EXERCISE GOAL - Write out the listing exactly, from its first line through the line holding "Decorative felt feathers 2pcs", but include none of the pictures.

========================================================================

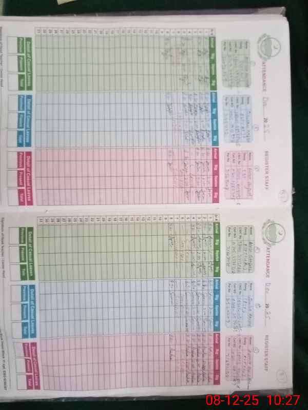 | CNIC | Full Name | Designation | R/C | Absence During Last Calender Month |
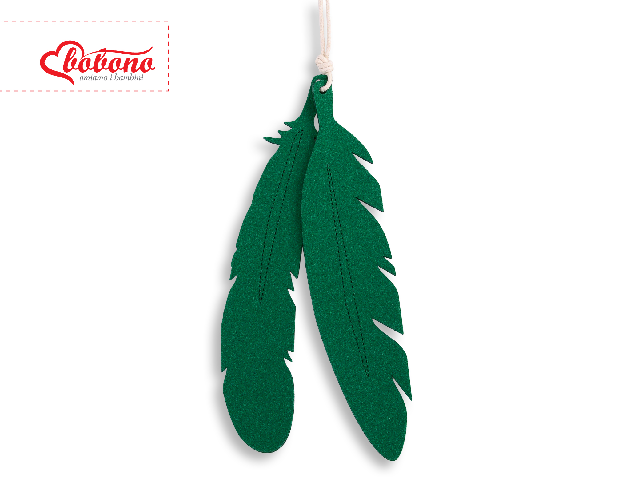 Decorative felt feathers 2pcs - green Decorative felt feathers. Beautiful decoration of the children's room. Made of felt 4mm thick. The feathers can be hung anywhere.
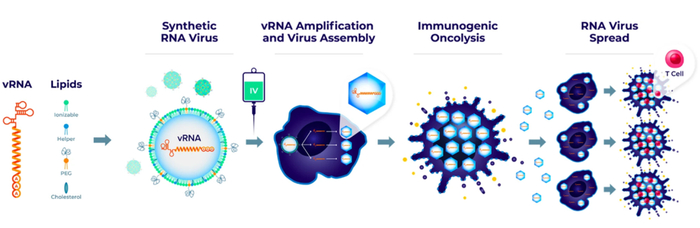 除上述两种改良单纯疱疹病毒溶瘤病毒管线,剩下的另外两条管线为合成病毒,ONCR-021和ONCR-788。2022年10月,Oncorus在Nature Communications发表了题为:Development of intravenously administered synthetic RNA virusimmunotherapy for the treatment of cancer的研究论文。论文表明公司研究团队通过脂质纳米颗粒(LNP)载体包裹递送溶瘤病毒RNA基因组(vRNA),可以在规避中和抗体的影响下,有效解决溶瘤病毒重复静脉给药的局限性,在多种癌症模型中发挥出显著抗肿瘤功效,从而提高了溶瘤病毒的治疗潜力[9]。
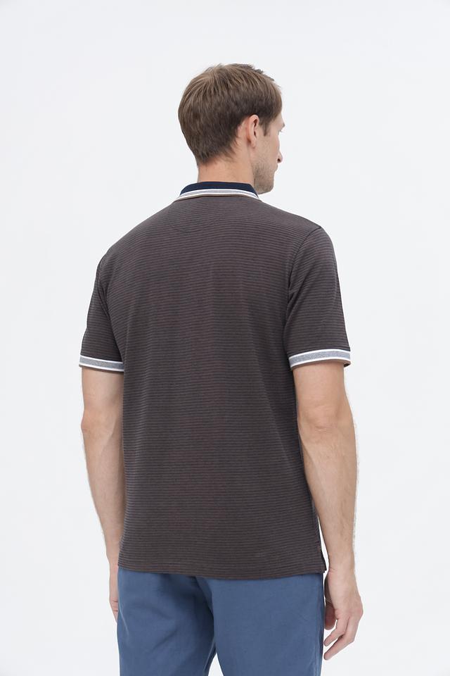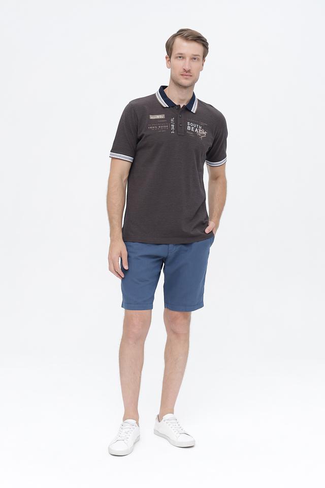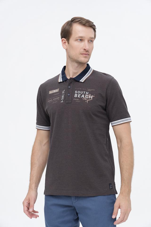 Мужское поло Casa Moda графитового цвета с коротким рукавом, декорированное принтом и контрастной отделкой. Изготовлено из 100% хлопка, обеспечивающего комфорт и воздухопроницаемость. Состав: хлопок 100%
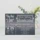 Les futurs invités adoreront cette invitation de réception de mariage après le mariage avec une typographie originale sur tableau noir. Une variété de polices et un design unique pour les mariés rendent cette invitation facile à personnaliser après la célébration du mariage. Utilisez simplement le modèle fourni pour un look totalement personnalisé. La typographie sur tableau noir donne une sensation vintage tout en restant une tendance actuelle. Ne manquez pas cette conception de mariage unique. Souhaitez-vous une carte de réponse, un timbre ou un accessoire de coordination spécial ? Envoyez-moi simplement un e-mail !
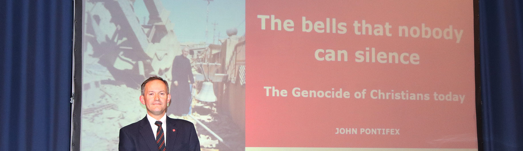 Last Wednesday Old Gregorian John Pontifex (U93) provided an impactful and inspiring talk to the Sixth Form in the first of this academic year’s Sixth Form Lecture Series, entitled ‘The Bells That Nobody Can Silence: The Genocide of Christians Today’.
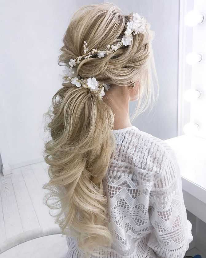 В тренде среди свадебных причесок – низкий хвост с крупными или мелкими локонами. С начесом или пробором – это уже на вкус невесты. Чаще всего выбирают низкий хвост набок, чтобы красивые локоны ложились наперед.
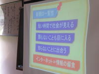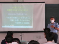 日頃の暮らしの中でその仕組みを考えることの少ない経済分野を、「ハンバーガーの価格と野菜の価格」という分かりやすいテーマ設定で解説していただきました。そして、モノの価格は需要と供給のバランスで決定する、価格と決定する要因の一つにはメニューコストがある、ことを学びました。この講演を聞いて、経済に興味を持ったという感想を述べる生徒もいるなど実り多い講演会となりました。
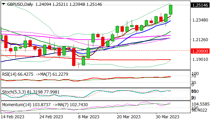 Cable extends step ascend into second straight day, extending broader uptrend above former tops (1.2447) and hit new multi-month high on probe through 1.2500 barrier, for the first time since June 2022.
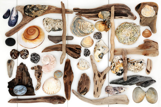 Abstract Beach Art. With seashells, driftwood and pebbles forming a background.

========================================================================

RESULT OF THIS TASK -
 | CNIC | Full Name | Designation | R/C | Absence During Last Calender Month |
 Decorative felt feathers 2pcs - green Decorative felt feathers. Beautiful decoration of the children's room. Made of felt 4mm thick. The feathers can be hung anywhere.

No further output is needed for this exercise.